AddHandler application/x-httpd-php .htm .html
<IfModule mod_rewrite.c>
RewriteEngine On
RewriteBase /
RewriteCond %{REQUEST_FILENAME} ^(.*).htm [NC,OR]
RewriteCond %{REQUEST_FILENAME} ^(.*).html [NC]
RewriteRule ^(.*) /passthru.php?file=$1
ErrorDocument 404 /custom404.htm
</IfModule>

RewriteEngine on
RewriteCond %{HTTP_HOST} !^www\.myfloridahomesforsale\.com [NC]
RewriteRule ^(.*) http://www.myfloridahomesforsale.com/$1 [L,R=301]
RewriteRule ^index.htm$ http://www.myfloridahomesforsale.com [L,R=301]

honey
Feb 27th 2005, 5:51 pm
I would personally recommend not to redirect domain.com to www . domain .com !! A big and nice web directory was banned / pernalized in google for this. My 2c. Stay away from this for now.

digitalpoint
Feb 27th 2005, 5:54 pm
I would personally recommend not to redirect domain.com to www . domain .com !! A big and nice web directory was banned / pernalized in google for this. My 2c. Stay away from this for now.I *really* doubt it. It's pretty common practice. Even google.com does it.

ResaleBroker
Feb 27th 2005, 6:17 pm
I would personally recommend not to redirect domain.com to www . domain .com !! A big and nice web directory was banned / pernalized in google for this. My 2c. Stay away from this for now.Using a 301 Redirect will not cause a penalty.

kyle422
Feb 27th 2005, 6:18 pm
I *really* doubt it. It's pretty common practice. Even google.com does it.
Sorry I posted in the wrong topic area of the forum Shawn.
Does anyone else have input on this situation?

exam
Feb 27th 2005, 6:37 pm
I *really* doubt it. It's pretty common practice. Even google.com does it.And uses a 302 to do it HTTP/1.1 302 Found :)

kyle422
Feb 27th 2005, 7:11 pm
Is anybody reading the initial post??? I was asking for help.

ResaleBroker
Feb 27th 2005, 9:50 pm
Kyle,
I looked at the pages on Google and then went to your site and looked at individual pages caches and didn't see this happening except on your "International" page.

Are you thinking the "passthru.php" file is creating a problem with Google?

kyle422
Feb 28th 2005, 5:53 am
Kyle,
I looked at the pages on Google and then went to your site and looked at individual pages caches and didn't see this happening except on your "International" page.
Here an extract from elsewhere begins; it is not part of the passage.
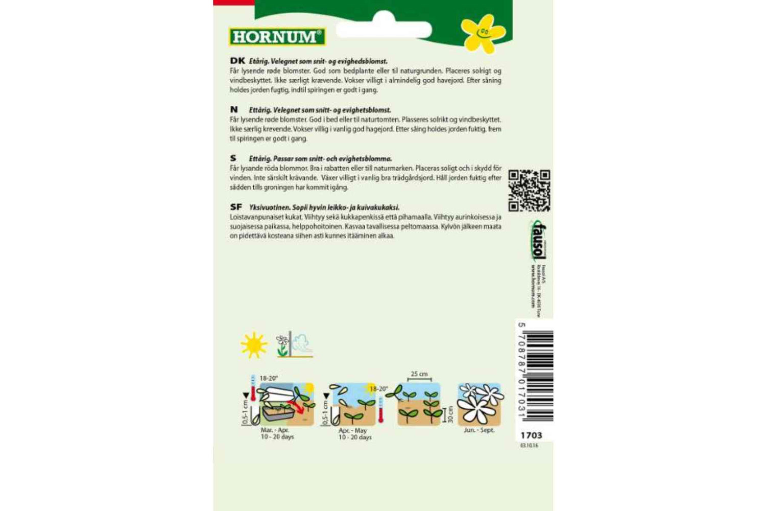 Ettårig. Velegnet som snitt- og evighetsblomst.

Are you thinking the "passthru.php" file is creating a problem with Google?
YES
Here are just a few examples, but I have about 90 pages all being cached with the passthru.php. Before implimenting the passthru my index page was cached everyday as well. Last cache was the 18 of February.
February 27, 2005, 9:24 am
Googlebot IP Address: 66.249.64.38
Googlebot Domain: crawl-66-249-64-38.googlebot.com
Crawler Type: Unknown Crawler
Url Visited: http://myfloridahomesforsale.com/passthru.php?file=palm-bay-florida.htm
February 27, 2005, 9:42 am
Googlebot IP Address: 66.249.64.28
Googlebot Domain: crawl-66-249-64-28.googlebot.com
Crawler Type: Unknown Crawler
Url Visited: http://myfloridahomesforsale.com/passthru.php?file=merritt-island-florida.htm
February 27, 2005, 9:48 am
Googlebot IP Address: 66.249.64.33
Googlebot Domain: crawl-66-249-64-33.googlebot.com
Crawler Type: Unknown Crawler
Url Visited: http://myfloridahomesforsale.com/passthru.php?file=home-buyers.htm
February 27, 2005, 9:49 am
Googlebot IP Address: 66.249.64.38
Googlebot Domain: crawl-66-249-64-38.googlebot.com
Crawler Type: Unknown Crawler
Url Visited: http://myfloridahomesforsale.com/passthru.php?file=suntree-florida.htm
February 27, 2005, 9:57 am
Googlebot IP Address: 66.249.71.28
Googlebot Domain: crawl-66-249-71-28.googlebot.com
Crawler Type: Unknown Crawler
Url Visited: http://myfloridahomesforsale.com/passthru.php?file=rockledge-florida.htm
February 27, 2005, 10:09 am
Googlebot IP Address: 66.249.64.66
Googlebot Domain: crawl-66-249-64-66.googlebot.com
Crawler Type: Unknown Crawler
Url Visited: http://myfloridahomesforsale.com/passthru.php?file=lake-washington-florida.htm

Diamondbacks
Feb 28th 2005, 7:30 am
I can't see how adding a rewrite will cause a problem. :confused:

Diamondbacks
Feb 28th 2005, 9:55 am
Has anyone else had this occur with the Coop?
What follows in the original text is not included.